However, adjusted for inflation, none of the leveraged buyouts of the 2006–2007 period would
surpass RJR Nabisco. By the end of the 1980s the excesses of the buyout market were beginning
to show, with the bankruptcy of several large buyouts including Robert Campeau's 1988 buyout
of Federated Department Stores, the 1986 buyout of the Revco drug stores, Walter Industries,
FEB Trucking and Eaton Leonard. Additionally, the RJR Nabisco deal was showing signs of
strain, leading to a recapitalization in 1990 that involved the contribution of $1.7 billion of new
equity from KKR.[50] In the end, KKR lost $700 million on RJR.[51]
Drexel reached an agreement with the government in which it pleaded nolo contendere (no
contest) to six felonies – three counts of stock parking and three counts of stock manipulation.[52]
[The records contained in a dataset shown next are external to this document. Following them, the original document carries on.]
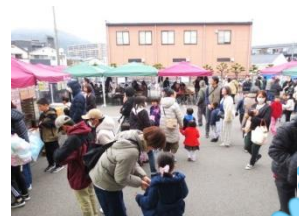
(屋外バザーの様子)
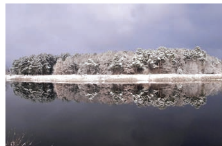
1. vietas ieguvēja – fotogrāfija "Ziema. Atspulgs"
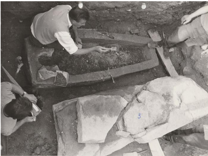
Les sarcophages de la cathédrale

La Société Philomatique vosgienne propose dans le cadre des Journées du patrimoine trois interventions sur site le samedi 19 septembre 2020 :
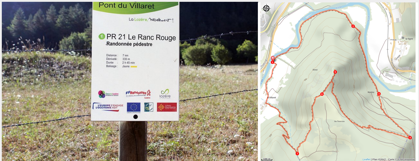
Panneau départ du sentier Ranc Rouge

Ce circuit, au départ du pont du Villaret, vous fera remonter le long du Lot sur sa rive gauche avant de grimper sur un éperon du Causse de Sauveterre dominé par le "Ranc rouge". Cette déformation du mot occitan "ronc" signifie "rocher" : ici, le calcaire est teinté de rougeâtre par des oxydes de fer. De ce point haut, la vue embrasse la vallée du Lot et la Margeride. En chemin, la fontaine de Saint-Véran évoque le premier emplacement du village de Barjac.
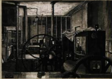
Atelier René Tazé VII (détail), 2008 Eau forte, aquatine et roulette 44,5 X 82 cm

Tél. : 514 276 34 94 alainpiroir@bellnet.ca www.ateliergaleriealainpiroir.com
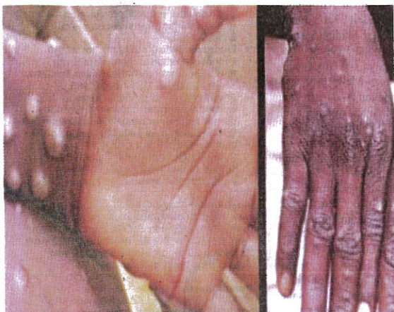
Individu dijangkiti cacar monyet akan mengalami lepus di muka dan badan.

Disinfeksi atau nyuhkuman permukaan yang tercemar

It also agreed to pay a fine of $650 million – at the time, the largest fine ever levied under
securities laws. Milken left the firm after his own indictment in March 1989.[53][54] On 13
February 1990 after being advised by United States Secretary of the Treasury Nicholas F. Brady,
the U.S. Securities and Exchange Commission (SEC), the New York Stock Exchange and the
Federal Reserve, Drexel Burnham Lambert officially filed for Chapter 11 bankruptcy protection.
[53]
Main articles: History of private equity and venture capital and Private equity in the 21st
centuryThe combination of decreasing interest rates, loosening lending standards and regulatory
changes for publicly traded companies (specifically the Sarbanes-Oxley Act) would set the stage
for the largest boom private equity had seen. Marked by the buyout of Dex Media in 2002, large
multi-billion dollar U.S. buyouts could once again obtain significant high yield debt financing
and larger transactions could be completed. By 2004 and 2005, major buyouts were once again
becoming common, including the acquisitions of Toys "R" Us,[55] The Hertz Corporation,[56][57]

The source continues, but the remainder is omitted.